I look towards Raksmey, who threads his way back to the table, balancing steaming plates of rice and vegetables garnished with a little meat. He grins. He is starting to piece the past together. I am piecing the past together too. There is a web of stories more complex than he could ever guess.

He places the bowls carefully on the bare cement table and sits facing me. ‘Thank you Smey,’ I say. I make no promises, though I am already thinking that back in Australia there could be notes and photographs of those times to pass on to him.

From as early in my life as I can remember I have scribbled words on paper when sad or glad or puzzled or in awe. I usually burn these pages or tear them up. In the years when I first worked side by side with Cambodians I used thick little notebooks and ballpoint pen. Later I used a typewriter and, as the years went by, a laptop.

That first laptop was black. It was linked with alligator clips to a truck battery which could be balanced on the back of a motorbike and recharged on a generator in a village on the road to Banan. In the heat the shiny black case of this weighty laptop peeled off, revealing silver paint. The silver paint flaked off, revealing a translucent white case. Nevertheless the laptop continued to do what it was meant to do; it accepted and held many words.

During the past quarter-century there have been a lot of words.

Back in Australia, in our Footscray convent, we have a tall storage cupboard. It is a place to search for things that have not been sighted for years. I am hunting for anything I have written that might have details that Raksmey would want to know. Some empty suitcases and travel bags are stacked here, covered with a rug to protect them from dust. I am looking for a China Air bag that may have some old journals in it.

The bag is here. It is as I remembered it: luminous green and yellow. I bring it to the back veranda where winter sun gives more light, then tip the contents onto the mat: a heap of battered notebooks and hard-covered journals, letters, maps, newspaper clippings, my laminated camp-pass and photos.
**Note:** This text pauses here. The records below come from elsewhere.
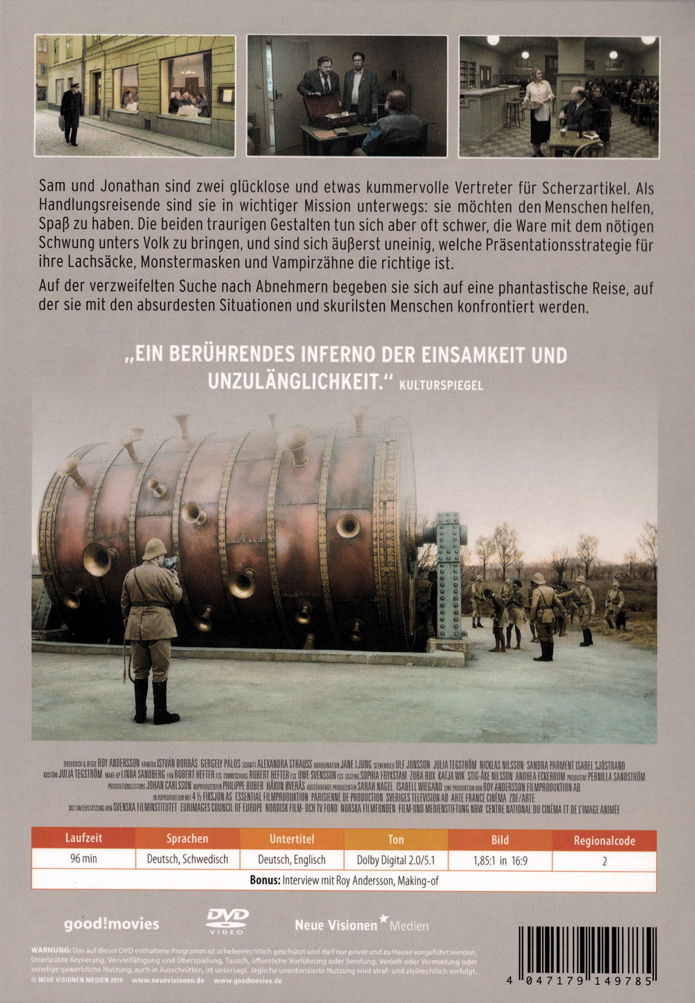 Sam und Jonathan sind zwei glücklose und etwas kummervolle Vertreter für Scherzartikel. Als Handlungsreisende sind sie in wichtiger Mission unterwegs: sie möchten den Menschen helfen, Spass zu haben. Da die Welt voller Enttäuschungen und eine seltsam einsame Angelegenheit ist, haben sie sich auf die Klassiker unter den Kuriositäten spezialisiert: Vampirzähne, Lachsack und eine groteske Monstermaske. Sam und Jonathan tun sich oft schwer, die Ware mit dem nötigen Schwung unters Volk zu bringen, doch Verkaufen müssen sie den Spass, denn das kabbelnde Verkäuferduo ist furchtbar pleite. So gehen sie auf eine phantastische Reise durch Räume der Geschichte und finden sich in traumverlorenen Erinnerungen wieder – an verliebte Könige, getauschte Küsse und fröhlich gurrende Tauben. Der Gewinner des Goldenen Löwen von Venedig schickt uns auf eine märchenhafte Irrfahrt durch Menschliches und Allzumenschliches. Es ist eine Reise in grandiosen Sketchen, die die Schönheit eines einzelnen Moments offenbaren, aber auch die Verlorenheit anderer, den Humor und die Tragik, die in uns wohnen, die ganze Pracht des Lebens und die unvermeidliche Schwäche der Menschen.
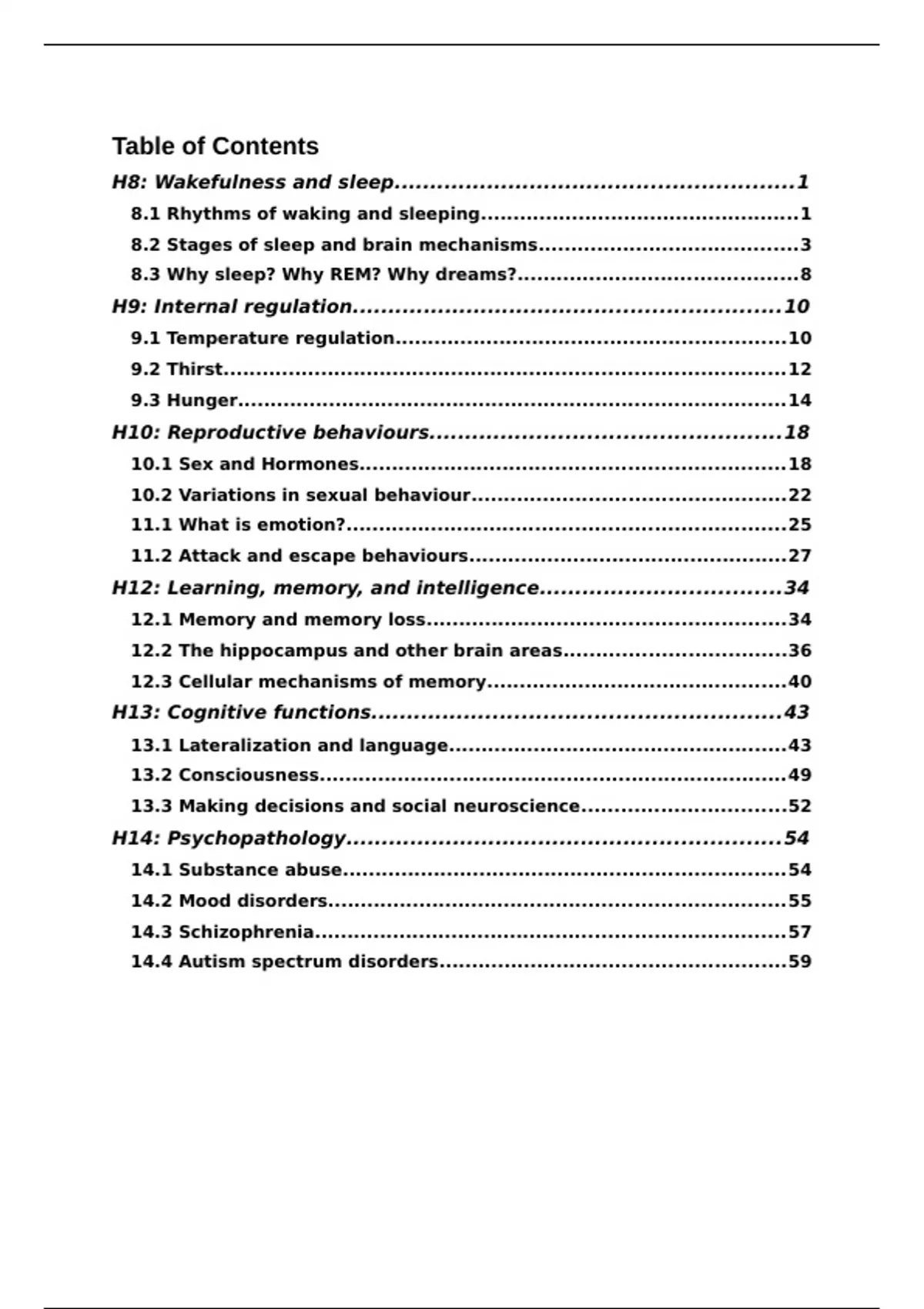 H8: Wakefulness and sleep........................................................1
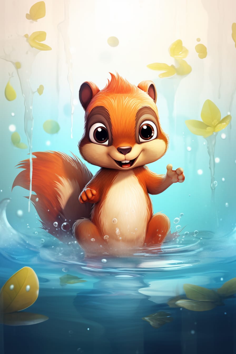 Na tomto půvabném kresleném obraze je vyobrazena šťastná veverka, která se usmívá a sedí na břehu. Její radostný pohled a roztomilá postava přinášejí dojem veselí a hravosti, kdy si veverka užívá okamžiky klidu a radosti v harmonii s přírodou.
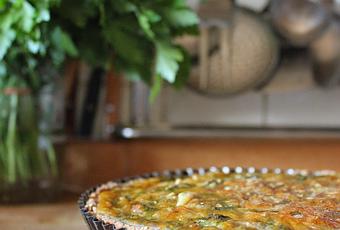 Samedi, 11h30, le réfrigérateur est désespérément vide et pourtant, on commence à penser au repas. Tiens tiens, voilà les fanes d'une botte de carottes mises de côté pour une utilisation ultérieure. Pourquoi pas en faire une tarte? D'ailleurs il y a cette petite brique de crème végétale rescapée d'un essai de panna-cotta. Ah zut, pas d'oeufs dans le frigo, en revanche ce reste de soupe là... on doit bien pouvoir en faire quelque chose.
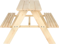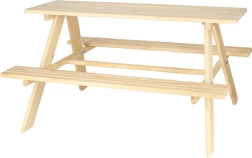Créez un coin douillet au jardin pour vos enfants. Le set se compose d’une table de pique-nique solide et de deux bancs intégrés, afin que les enfants puissent confortablement prendre une collation, créer ou jouer à des jeux de société en plein air. Le bois poncé lisse est agréable au toucher et prêt pour la finition de surface.
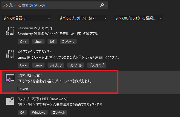 プロジェクトテンプレートでは,「空のソリューション」を選択します。
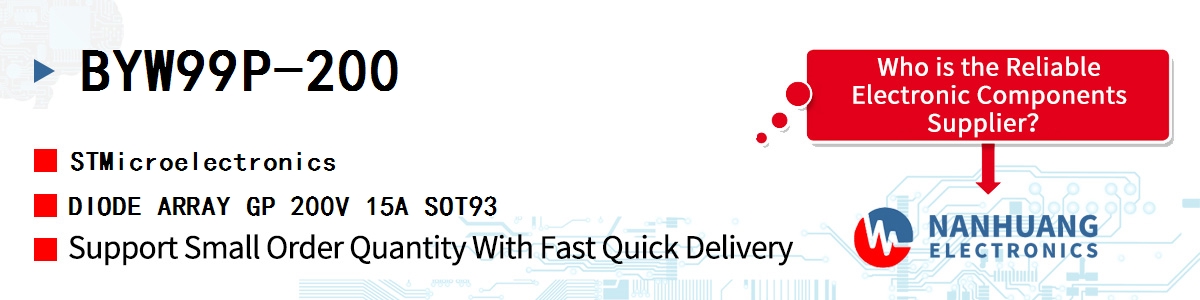 BYW99P-200, ST authentic parts in stock from STMicroelectronics authorized distributors, order today, can ship immediately.
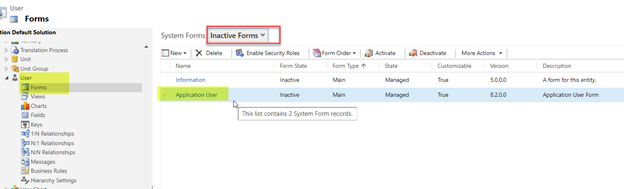 In some D365 instances the 'Application User' form along with the 'Application Users' view is missing or it is not active. But we can enable Application User form and view from CRM customization itself. To do that please follow the below steps.
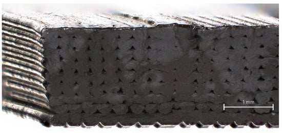 Figure 13 shows a microscope image of a printed CDP material sample that was taken with a confocal laser scanning microscope. We can clearly observe the layered structure of the sample and the parallel-aligned, straight strands that originate from the extrusion from the 3D printer. Because the 3D-printed samples all have this structure, we expect that the material samples should exhibit anisotropic properties to some degree. For example, if the electric field is oriented parallel to the strands, we expect the permittivity to be slightly different than if the field was perpendicular to them. Moreover, the air pockets between the strands will further affect the permittivity. The same sample is shown with a much larger magnification in the SEM images of Figure 14.
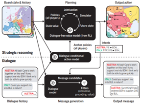 | [r] | M. F. A. R. D. T. (FAIR), A. Bakhtin, N. Brown et e. al, « Human-level play in the game of Diplomacy by combining language models with strategic reasoning » ; Science, vol. 378, n° %16624, pp. 1067-1074, 2022. |
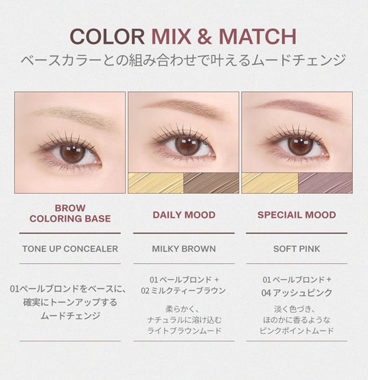 「ドットオンムード フェイクアップブロウカラー」は、地毛からブリーチ毛まで幅広く対応し、その日の気分や雰囲気に合わせて自在に眉メイクを楽しめるアイテムです。
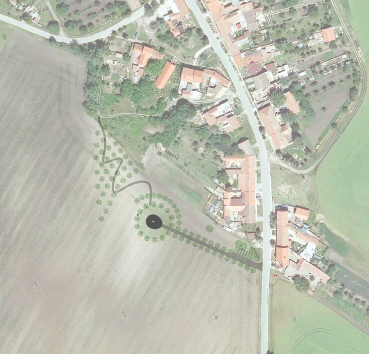 Il progetto di Rcnksk, studio praghese fondato da Filip Kosek e Jan Říčný, completato con Michal Říčný nel 2024, emerge come un faro nell’ondulato paesaggio agricolo della zona.
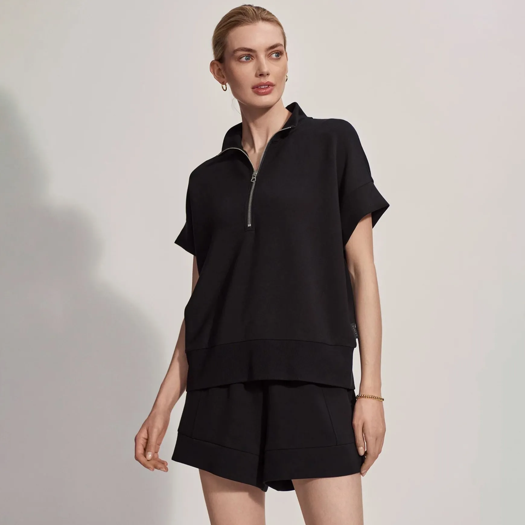 * Mock neck: Offers a sleek, structured finish
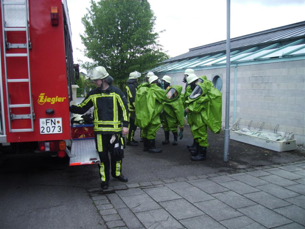 Deprecated: Function utf8_encode() is deprecated in /homepages/45/d16775473/htdocs/feuerwehr/html/einsaetze_show.html on line 146 Im Strandbad Langenargen trat durch einen defekten Dosierer Chlorgas aus. Das Gebäude in dem sich die Chlorgasanlage befand, wurde von der Feuerwehr Langenargen abgeschirmt. Nach Eintreffen der Feuerwehr Friedrichshafen begann man unter Vollschutz das defekte Dosiergerät abzudichten. Zur Unterstützung waren die Feuerwehr Friedrichshafen, Rettungsdienst, Polizei die groÃräumig absperrte und der stellv. KBM vor Ort. |
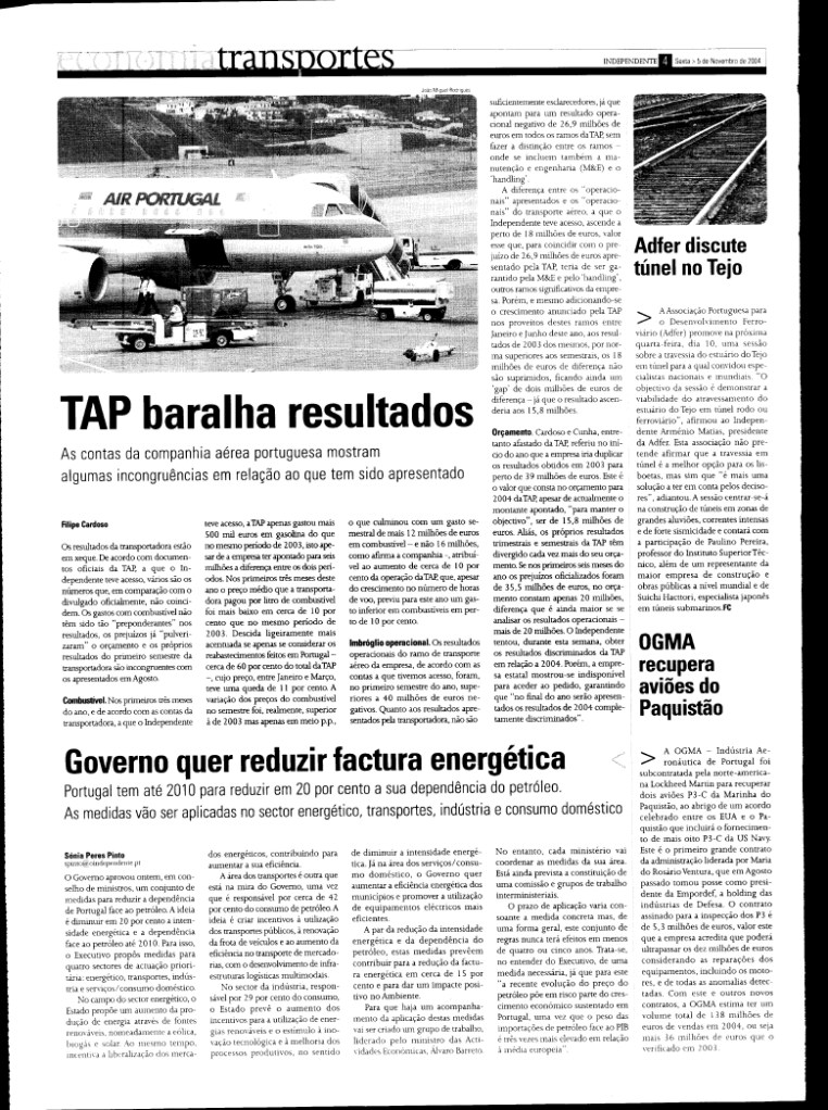 TAP baralha resultados Novembro 10, 2004Agosto 29, 2011Add a comment As contas da companhia aérea portuguesa mostram algumas incongruências em relação ao que tem sido apresentado… in: O Independente, Novembro 2004 Partilhar: Clique para partilhar no Facebook (Abre numa nova janela) Facebook Click to share on X (Abre numa nova janela) X Clique para partilhar no WhatsApp (Abre numa nova janela) WhatsApp Carregue aqui para enviar por email a um amigo (Abre numa nova janela) E-mail Carregue aqui para imprimir (Abre numa nova janela) Imprimir Gosto Carregando... Relacionado
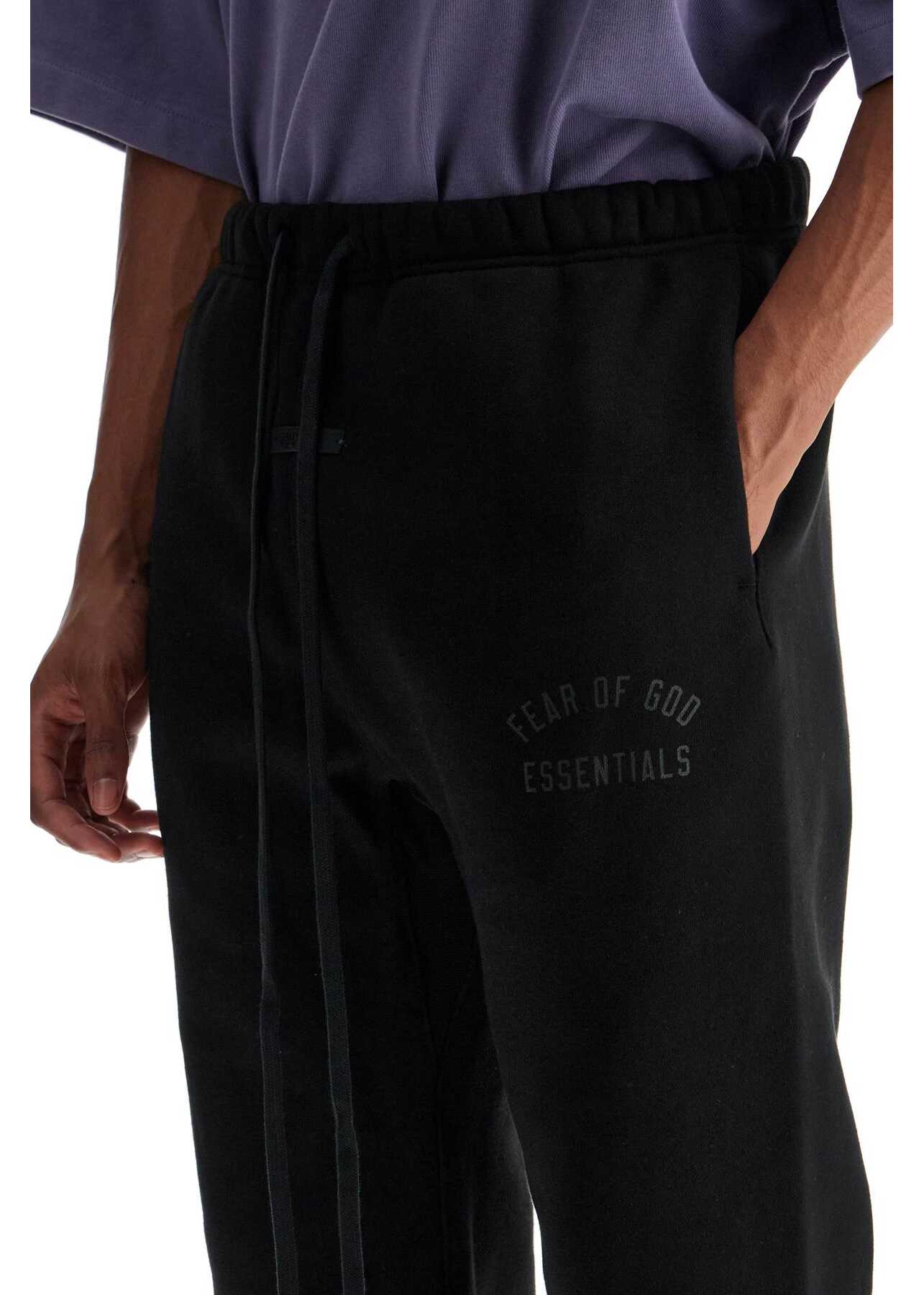 The Fear Of God Essentials sweatpants are made of a soft brushed cotton blend. They feature a relaxed fit with side seam pockets, an elastic waistband with drawstring, and elasticized cuffs. The logo is printed on the side, and there is a rubber label on the front. The model is 182 cm tall and wears size M.

All a bit musty.

Saying farewells to friends has always been difficult for me: goodbye on leaving Australia and goodbye on leaving Cambodia. During the years, after spending many months in one place or the other, I have left on a one-way ticket. No wonder these scraps and relics have been kept. It was hard leaving this time. When my life of ‘home-in-two-places’ began I was a couple of years over fifty; now I am nudging towards eighty. There will be an end to this; it is inevitable. Love stretched across oceans is as taut as the skin of a ripening mango.

I make a plunger of coffee and settle into a cane chair. It is a relaxed Saturday afternoon. Just outside the glass door pansies bloom in a planter-box, brightening a patch of bitumen, sunlight translucent through magenta-coloured flowers. I’m listening to jazz on the ABC.

There are three or four fat journals that fit the timeframe of the Site 2 Camp; others are from the longer time in Cambodia. I begin to read.

Even before I sift the papers I know that what is written here is intimate; there are stories I could only write because of being trusted. What should be done with all of this? Ought I type from those scribbled pages? Is it too personal to be retold? Years ago these journals and letters could have been cleared away but it’s too late now to burn and tear. There are stories that ought to be handed on when another generation is ready to listen. The great-grandparent generation, the Cambodians who lived through the terror of the sixties and seventies and eighties, know this. So do I.

Here there are details I had forgotten. The day of Raksmey’s birth is recorded; there is even a photo of the newborn child in the camp. These things should be his, not mine. There are many things here that Raksmey deserves to know and, perhaps, stories that others should know too.

Before I close the journals it is almost dark on the back veranda. The music has stopped; I didn’t notice. The coffee is cold.

That border camp of decades ago is not just geography and history. It changed lives: all of our lives changed utterly.